Cam Newton is reportedly returning to New England on a one-year $14 million deal, per Adam Schefter. The move gives Bill Belichick a starting quarterback option as the team prepares to navigate free agency and the upcoming NFL Draft.
We shouldn’t necessarily assume that Newton’s return will keep the organization from selecting a quarterback in the draft or bringing one in via free agency. Clearly Newton is an option to start Week 1, so let's break down the fantasy football implications of Superman’s return to New England.
BOUNCEBACK FOR CAM?
Signing Newton last year looked like a stroke of genius after the former MVP threw for nearly 400 yards against the Seattle Seahawks in Week 2. Newton's team-friendly deal appeared to be yet another example of the Patriots outsmarting the NFL's other 31 teams.
During the first three weeks of the season, Newton averaged nearly 24 points per game (seventh). He then missed time due to COVID-19 and seemingly never returned to form.
Newton's overall play fell off dramatically as the season progressed. From Week 1-9, he earned a 76.5 PFF grade (11th) with 7.4 yards per attempt. Those numbers fell to 55.8 and 7.0 from Week 10 on.

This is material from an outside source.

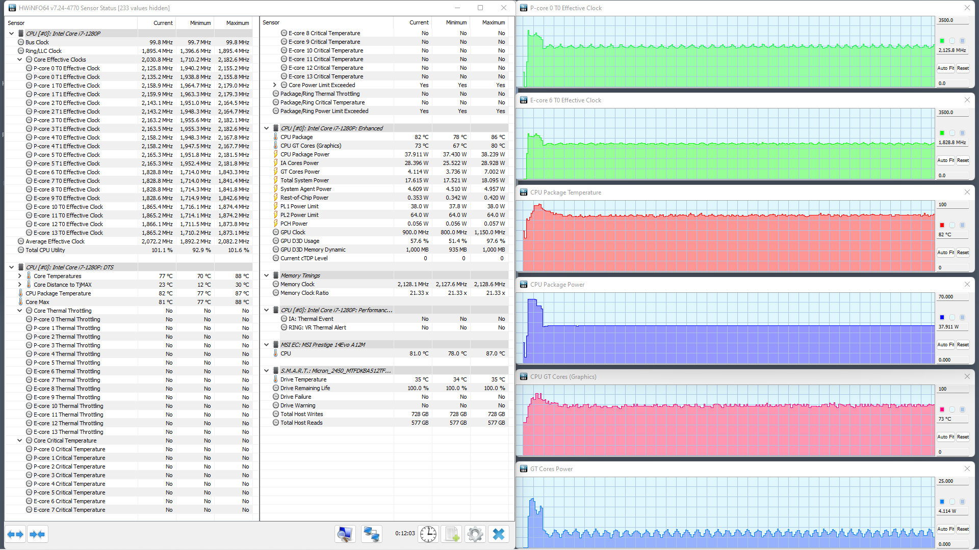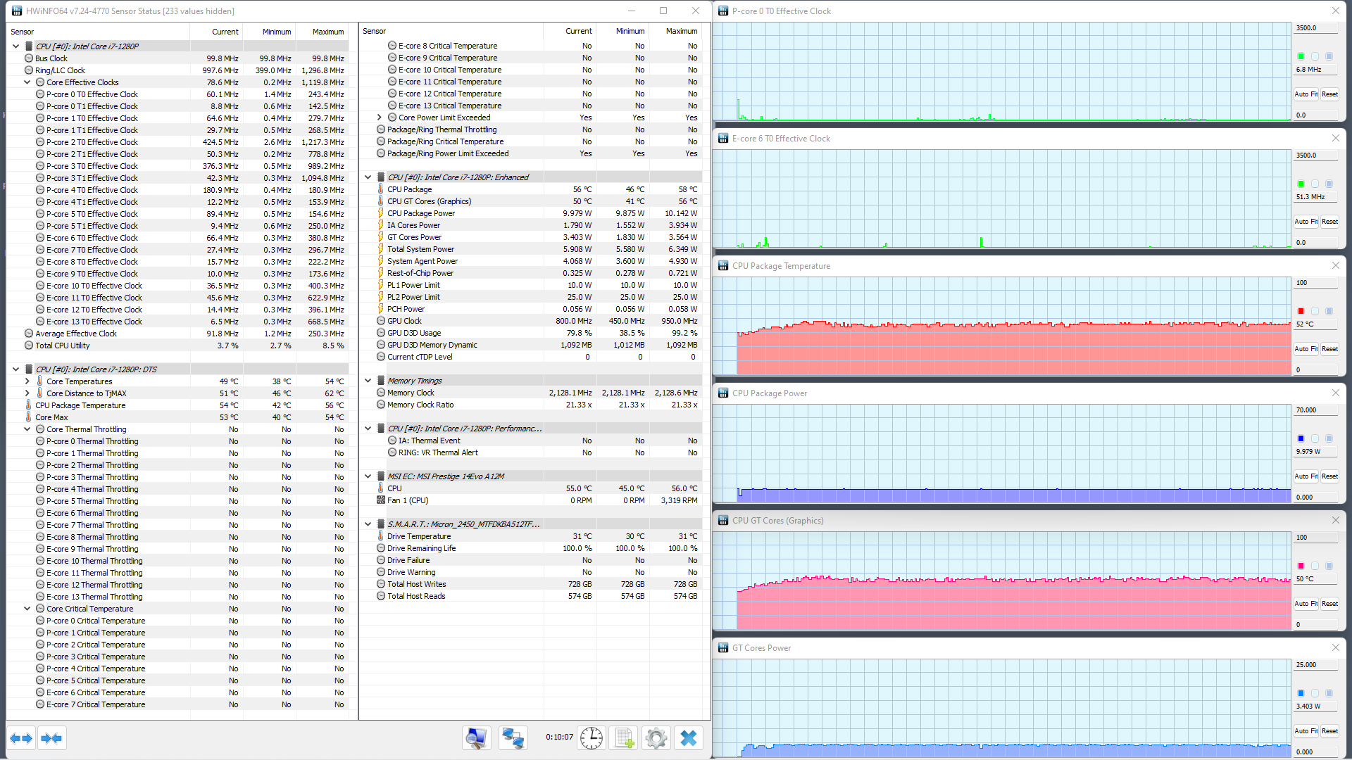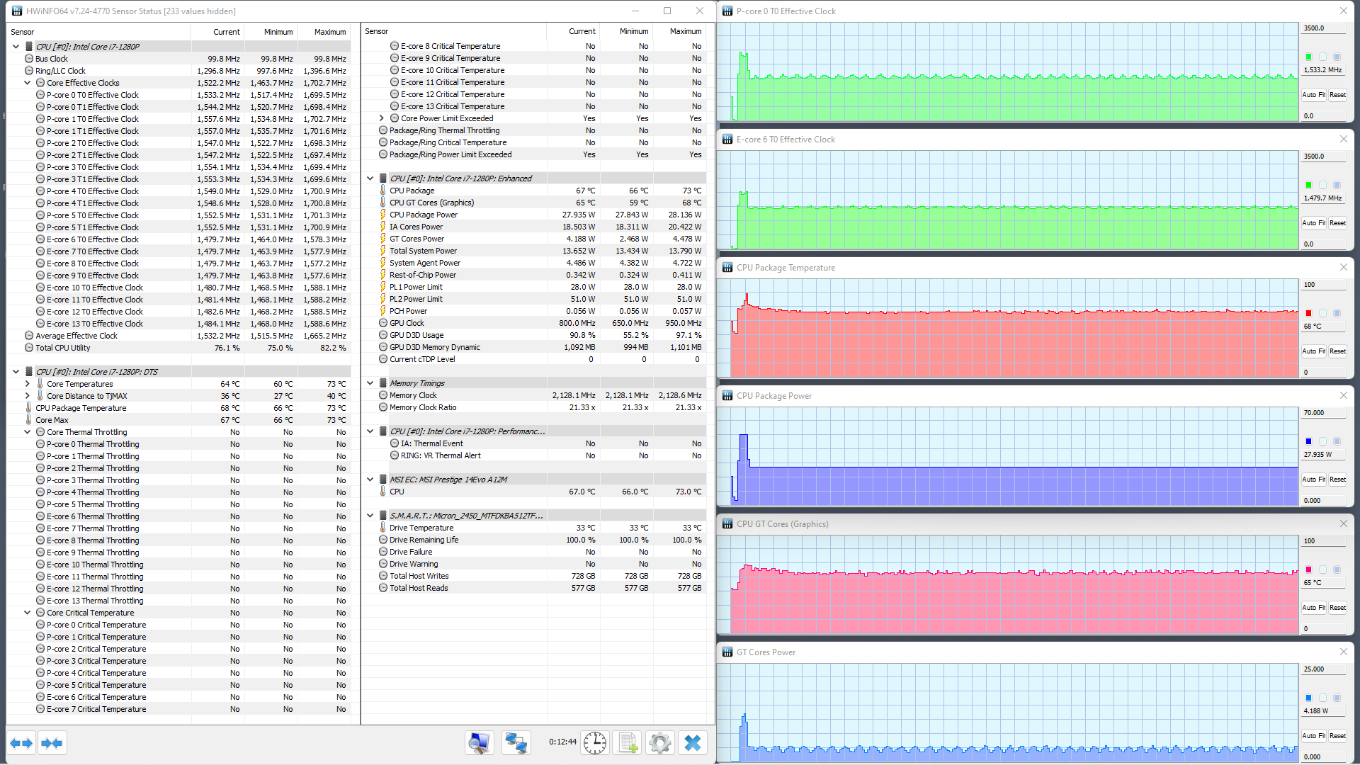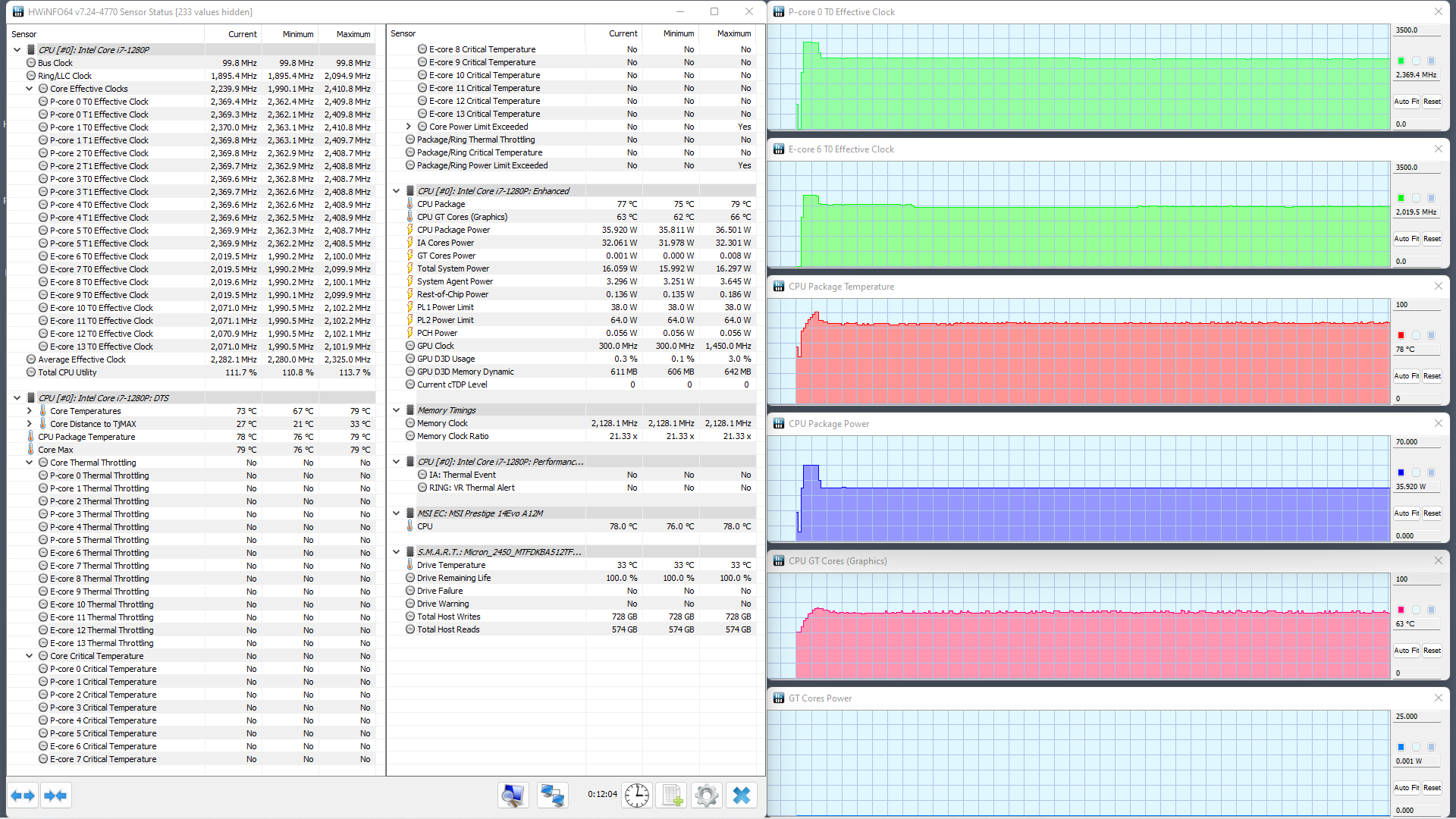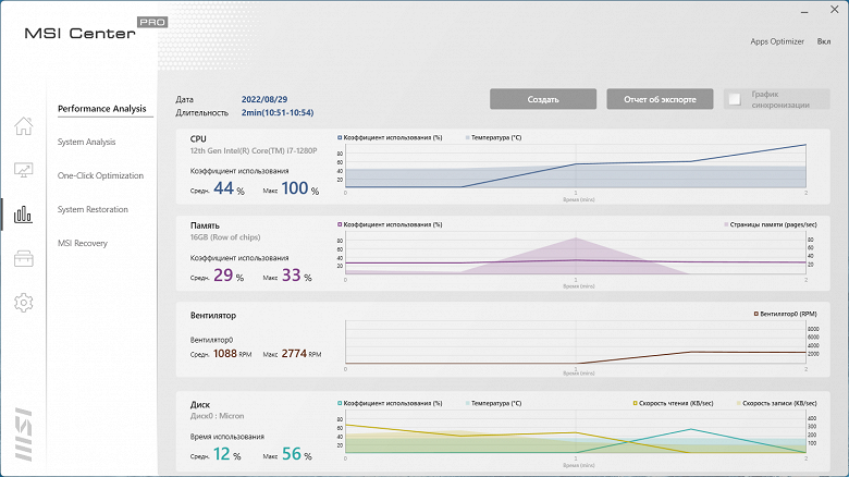 Напомним, что в MSI Prestige 14 Evo A12M-248RU установлен мобильный процессор Intel Core i7-1280P со штатным тепловыделением 28 Вт и 64 Вт в турборежиме. Этот чип объединяет в себе 14 ядер:

Per PFF’s QB Annual, Newton finished as the worst-ranked quarterback in accuracy-plus percentage, a metric that considers ball placement relative to a receiver's position (in front of the receiver, behind the receiver, etc.).
Newton finished the season as the QB26 in fantasy points per game (15.7), tied with Matthew Stafford. The fantasy production was certainly disappointing, but his expected fantasy points per game tell a different story.
Newton finished as the QB17 in expected fantasy points per game (18.1), which is much more predictive of what we can expect in the future. His role as the team’s goal-line back was unparalleled.
Newton led all QBs in rushing TDs (12) and carries inside the 5-yard line (22). His total number of carries inside the 5 was twice as many as the next-closest QB (Josh Allen, 11) and tied Kenyan Drake for third-most among all players.
That rushing upside combined with the likelihood that the Patriots upgrade their offensive supporting cast makes Newton the quintessential late-round QB to target in fantasy drafts. New England has the fourth-most available cap space to utilize in free agency and is armed with the 15th overall pick.
The Patriots had by far the worst receiving corps in the league last year. It's one reason why Newton's throwing and accuracy numbers were so bad.
I think Newton can still be a fantasy force in Year 2 of the system with upgraded offensive playmakers. Give Cam playmakers and he'll give you a top-12 fantasy season.
Newton is currently being drafted as the QB32 on Underdog Best Ball Drafts. That’s what I call a value.
OTHER OFFENSIVE PIECES
Even with Newton regaining fantasy relevance, I'm not convinced the success will trickle down to other Pats skill players.
The Patriots run the ball too much for any receiver to have consistent value. New England attempted 200 fewer passes in 2020 than in 2019 — by far the biggest drop-off in the league.
So even though Jakobi Meyers finished the year 12th in average yards per route run (2.24), his volume on a weekly basis is going to be all over the place. I can’t imagine him being anything more than a WR3, especially considering the likely added competition for targets.
Damien Harris isn’t much of a winner with this news, either, even though Newton’s threat as a runner will help Harris maintain his above-average efficiency from last season. Harris was one of the lone bright spots for the Patriots in 2021, finishing the season as PFF’s third-highest-graded running back (86.9).
The major downside with Harris is that he isn’t likely to see many opportunities to scored TDs. He'll have to hope for an expanded role in the passing game to be fantasy relevant in 2021. James White is a free agent, so there should be some opportunity there. Still, even with White gone, it’s hard to rely on Harris as a stable pass-catcher with a mobile QB under center.